Она сцепляет руки и кладет их на стол. При этом бабушка не сводит с меня глаз, и мне почти кажется, что это меня она обвиняет в своем изнасиловании.

— Потом он начал меня трогать. Он потрогал меня везде. Провел руками по волосам, по лицу, по шее, по груди, животу, ногам, половым органам. Потом повалил и вошел в меня. Проткнул так, что потекла кровь. Он снова и снова толкался в глубь меня, и с каждым толчком было все больнее. Я не могу даже описать, как это было мучительно, — хуже, чем просто боль, тут еще добавлялись и ужас, и унижение, и стыд. Мне хотелось умереть. Я пыталась сопротивляться, но только насмешила его. Он был сильный мужчина, а я девчонка. И он был японский полковник.

Она сжимает пальцы с такой силой, что я боюсь, как бы она их не сломала. Боль не сходит с ее лица. Миссис Хон продолжает:

— Но особенная жестокость заключалась в том, что полковник, насилуя меня, заставлял смотреть на него. Когда я закрыла глаза, он велел мне их открыть. «Смотри на меня, девочка, — требовал он. — Держи глаза открытыми и смотри на меня!» Вот я и смотрела, пока он меня насиловал. Ты можешь представить себе, насколько это было унизительно? Можешь?

— Нет, мэм, — отвечаю я, — не могу.

— Презервативом он не пользовался, — говорит она. — Да и зачем: я была девственницей, он первый меня насиловал. Так что когда он кончил, я почувствовала, как его слизь, словно скопище червяков, пробралась в каждую клеточку моего тела. Я почувствовала, как она меня отравляет, как внутри у меня все гниет. И поняла, что он навсегда останется во мне. Навсегда. Знаешь, что хуже всего?

— Не знаю, — говорю я. — Извините.

— Хуже всего, что я чувствовала, будто сама виновата. Я была такая гордая, упрямая и уверенная в себе. Но когда полковник изнасиловал меня, я потеряла все. Я постоянно думала про бабушку с дедом, про папу с мамой и сестру. Винила себя за отсутствие внутренней дисциплины — мама же говорила, что она мне понадобится. Меня буквально затопил стыд, но я же ничего дурного не сделала, совсем ничего. Нелогично, правда?

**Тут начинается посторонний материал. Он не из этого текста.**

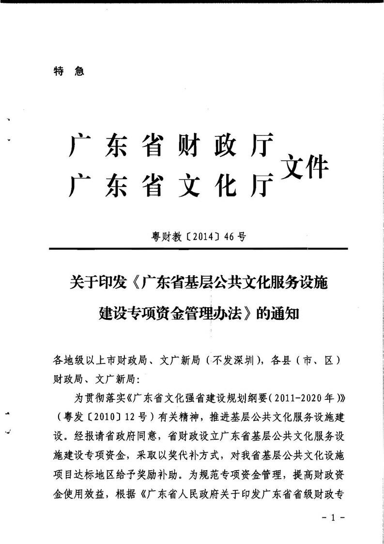 关于印发《广东省基层公共文化服务设施建设专项资金管理办法》的通知

— Да, — отвечаю я, — нелогично.

Она кладет ладони лодочками на низкий столик и смотрит на лиловый цветок в стеклянной чаше. Глаза у нее полны слез.

— А знаешь, что я сделала, когда все закончилось, когда он сделал, что хотел, и велел мне уходить?

— Нет, мэм.

— Я поклонилась и поблагодарила его, — говорит она шепотом и покачивает головой. — Не знаю, почему я так поступила. Мне хотелось плюнуть в него, завопить, сказать, как я ненавижу его и всех японцев. Но нужно было вести себя правильно, как велела мама. Так что я его поблагодарила. Кажется, ему это понравилось.

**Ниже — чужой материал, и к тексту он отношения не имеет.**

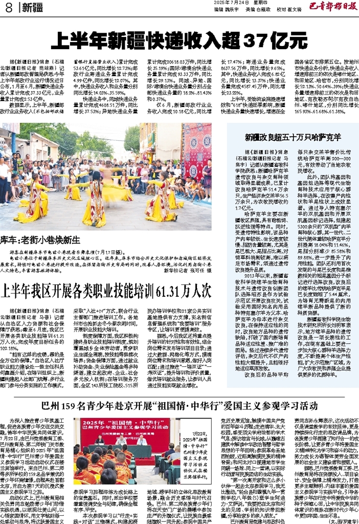 - 上半年新疆快递收入超37亿元 据《新疆日报》消息 (石榴云/新疆日报记者 范琼燕) 记者从新疆邮政管理局获悉:今年上半年邮政行业运行情况近日公布,1月至6月,新疆快递业务收入累计完成37.33亿元,业务量累计完成2.53亿件。

После мы долго сидим и молчим. Воздух в ее квартире неподвижен. Моя биологическая бабушка сначала выглядела такой гордой, но теперь у нее униженный вид. Она сгорбилась и смотрит себе под ноги, будто ее принудили признаться в совершении ужасного преступления. Я не знаю, что сказать. Я никогда еще не встречала жертву изнасилования, и со мной ничего даже отдаленно похожего не случалось. Бывает, конечно, что я нервничаю, когда ночью иду одна по улице или когда натыкаюсь на какого-нибудь сомнительного типа в коридоре. Но тут-то совсем другое дело. Мне и в голову не приходило, насколько разрушающее воздействие оказывает изнасилование, — а теперь я это понимаю, глядя на свою бабушку.

Постепенно боль у нее на лице сглаживается, и бабушка выпрямляется.

— Не хочешь ли поричха, Чжа Ён? — спрашивает она.

— Поричха? Вы про него упоминали, но я не знаю, что это такое.

Она хмурится.

— Американцы считают, будто корейцы пьют такой же чай, что и китайцы и японцы. Но люди вроде меня, которые чтят корейские традиции, часто предпочитают поричха. Это чай из обжаренного ячменя. Обязательно попробуй.

— Конечно, — отвечаю я, — спасибо.

Она ставит на плиту чайник и бросает в него горстку чего-то похожего на черный чай. Потом достает из шкафчика две чашки и несет их к столу. В ханбоке она движется очень грациозно.

— Я люблю крепкий поричха, — говорит она. — В детстве мне такой не нравился, а теперь вот полюбила. Молодежь перенимает американскую моду и пьет кофе, но мне кофе не нравится. Это не по-корейски, а я, наверное, все-таки традиционалистка. Мне кажется, Корее нужно держаться собственных корней, согласна?

— Да, конечно.

— А что ты знаешь о наших традициях, Чжа Ён?

— Да почти ничего, в общем-то, — признаюсь я.

— Тебе нужно больше узнать о Корее. Да, тебя вырастили в Америке. Но важная часть тебя все равно здесь, — говорит миссис Хон, постукивая пальцем по столу, — и тебе от нее не уйти.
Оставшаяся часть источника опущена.